◆ Collected data ◆
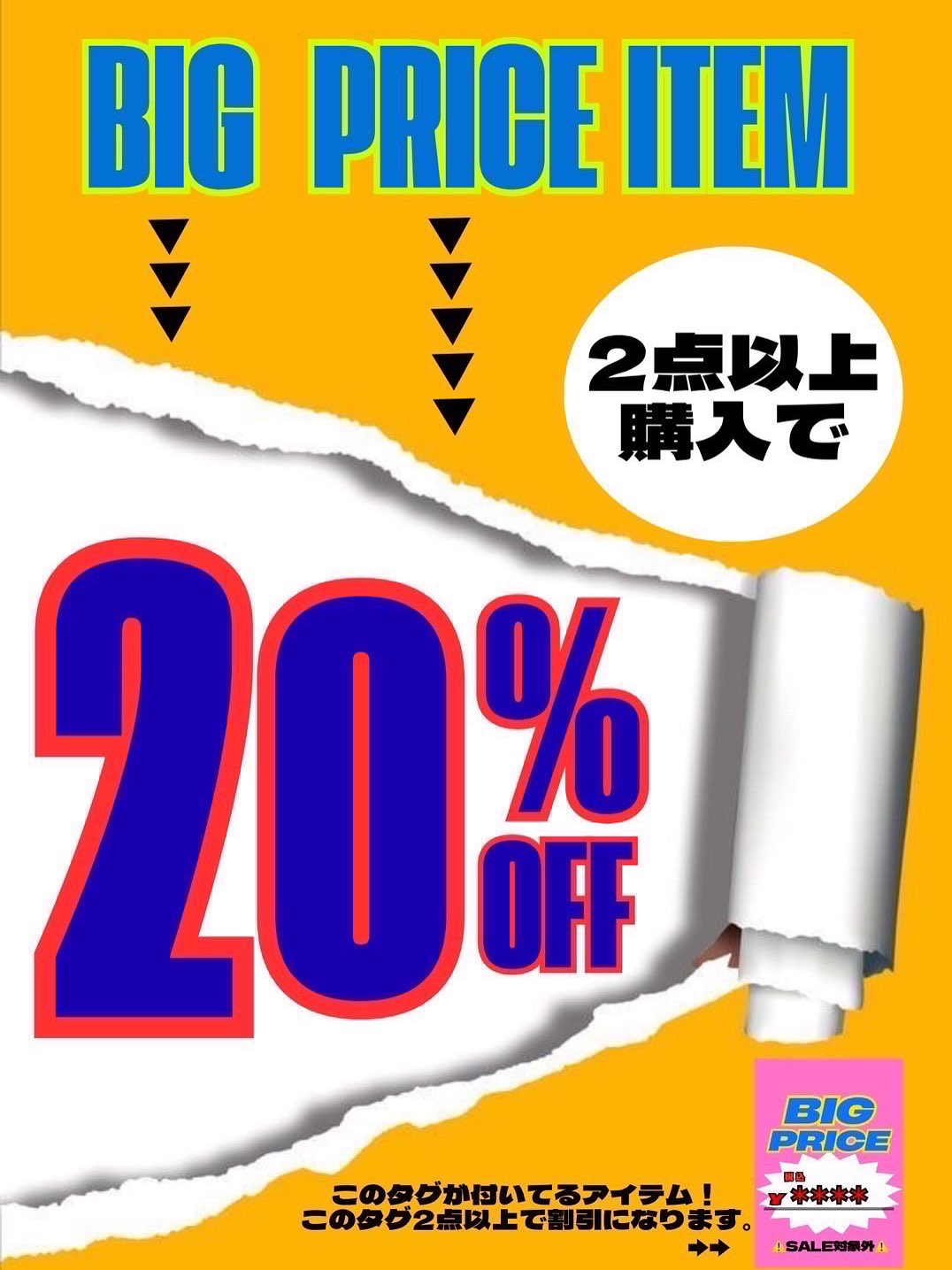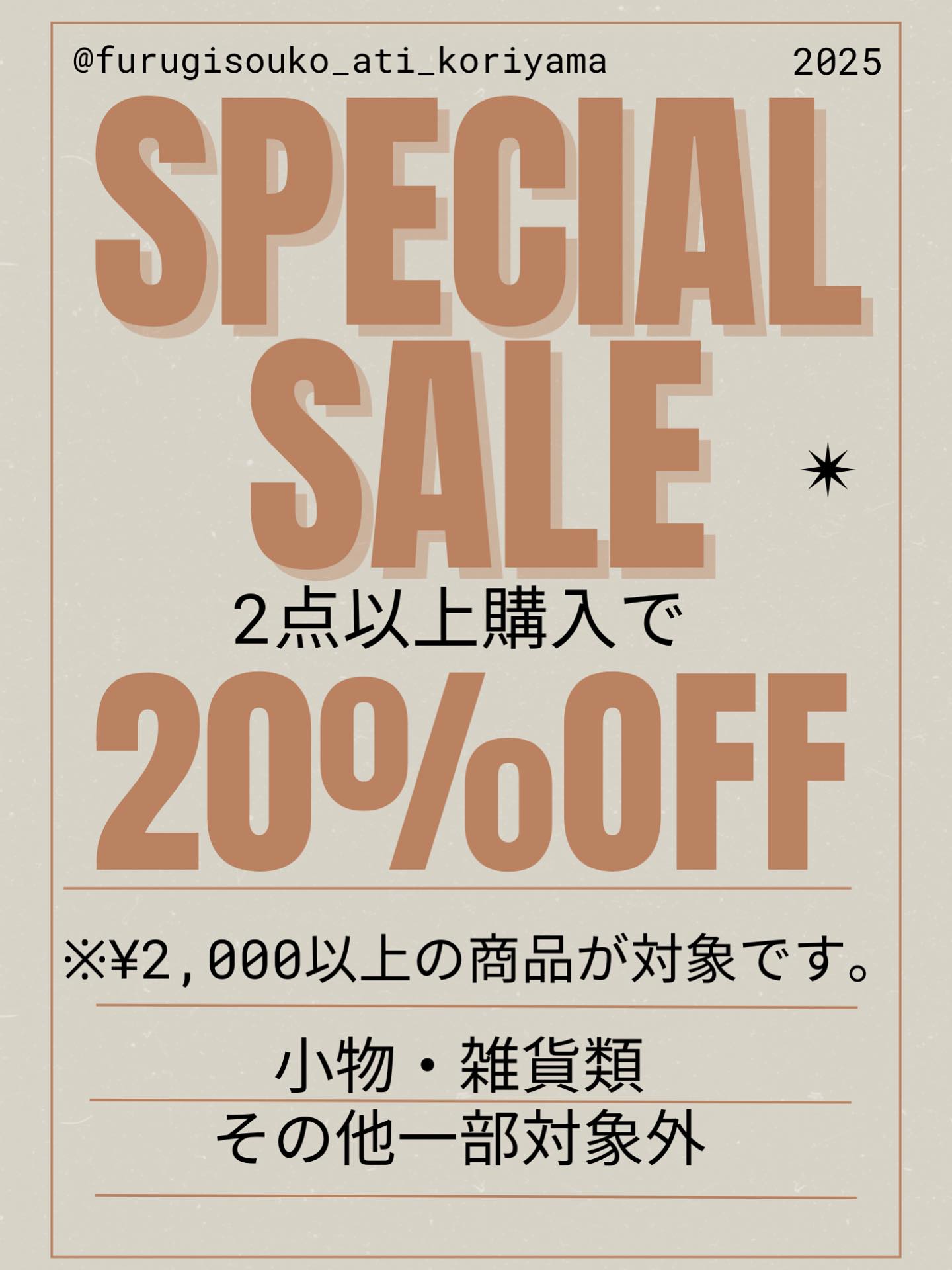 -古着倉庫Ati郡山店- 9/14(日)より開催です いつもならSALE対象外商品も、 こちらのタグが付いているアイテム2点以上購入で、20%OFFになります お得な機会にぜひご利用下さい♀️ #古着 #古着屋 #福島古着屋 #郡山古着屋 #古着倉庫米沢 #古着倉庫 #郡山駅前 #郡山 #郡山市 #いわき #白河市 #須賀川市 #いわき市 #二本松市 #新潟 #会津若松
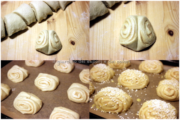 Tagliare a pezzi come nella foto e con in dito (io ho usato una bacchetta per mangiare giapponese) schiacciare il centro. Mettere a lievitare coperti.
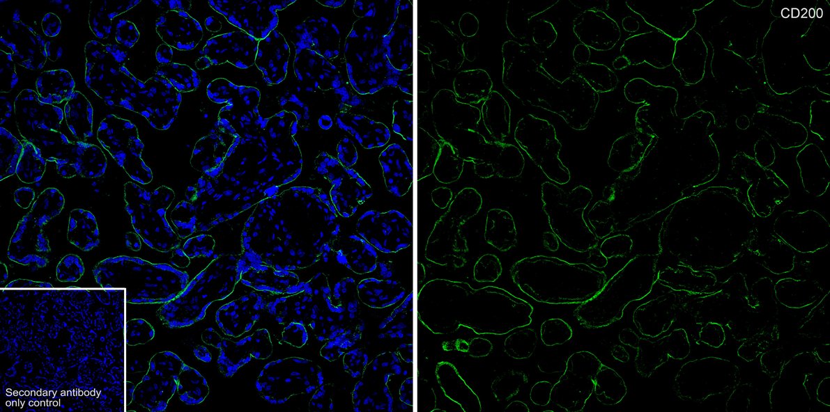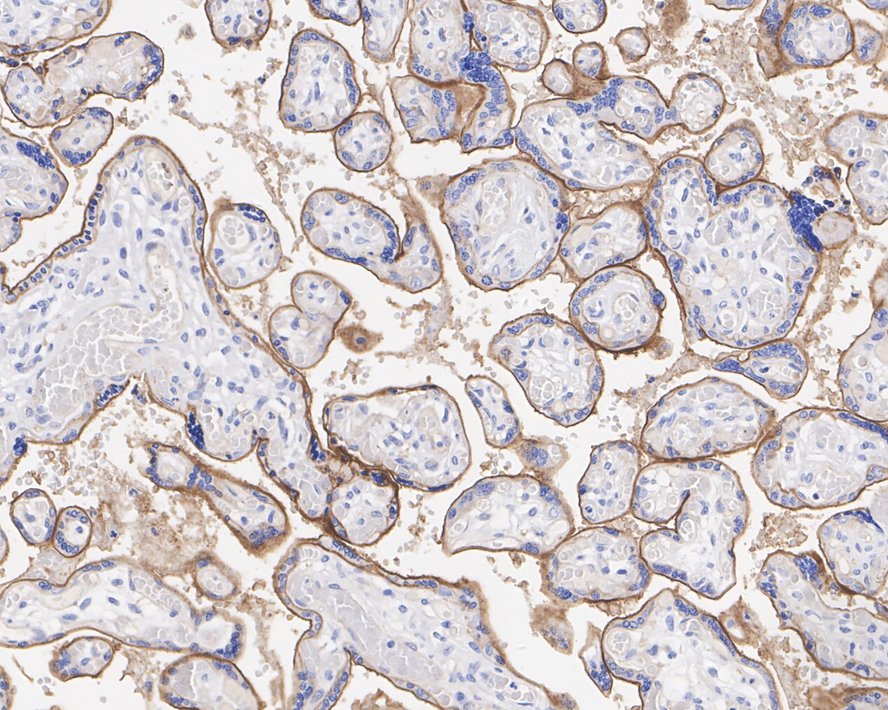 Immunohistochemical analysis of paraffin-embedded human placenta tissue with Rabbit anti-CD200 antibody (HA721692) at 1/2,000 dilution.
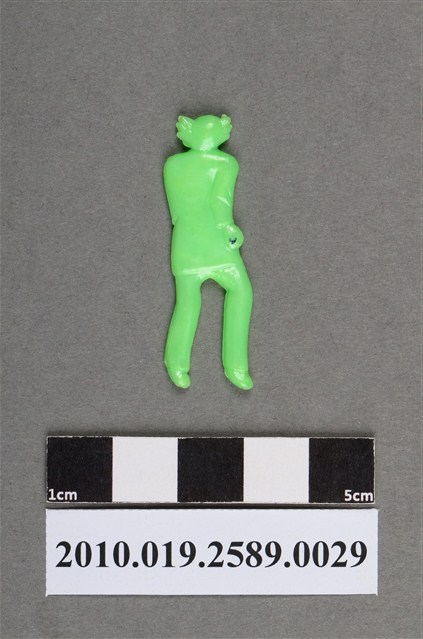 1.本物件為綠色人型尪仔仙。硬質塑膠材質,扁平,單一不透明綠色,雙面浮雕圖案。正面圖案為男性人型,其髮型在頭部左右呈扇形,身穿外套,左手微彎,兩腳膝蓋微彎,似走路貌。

◆ Problem to solve ◆
Starting with the line that contains "Tagliare a pezzi" and ending with the last line of the material, every line must be written out exactly; no other lines and no pictures are wanted.

◆ Answer for this exercise ◆
 Tagliare a pezzi come nella foto e con in dito (io ho usato una bacchetta per mangiare giapponese) schiacciare il centro. Mettere a lievitare coperti.
 Immunohistochemical analysis of paraffin-embedded human placenta tissue with Rabbit anti-CD200 antibody (HA721692) at 1/2,000 dilution.
 1.本物件為綠色人型尪仔仙。硬質塑膠材質,扁平,單一不透明綠色,雙面浮雕圖案。正面圖案為男性人型,其髮型在頭部左右呈扇形,身穿外套,左手微彎,兩腳膝蓋微彎,似走路貌。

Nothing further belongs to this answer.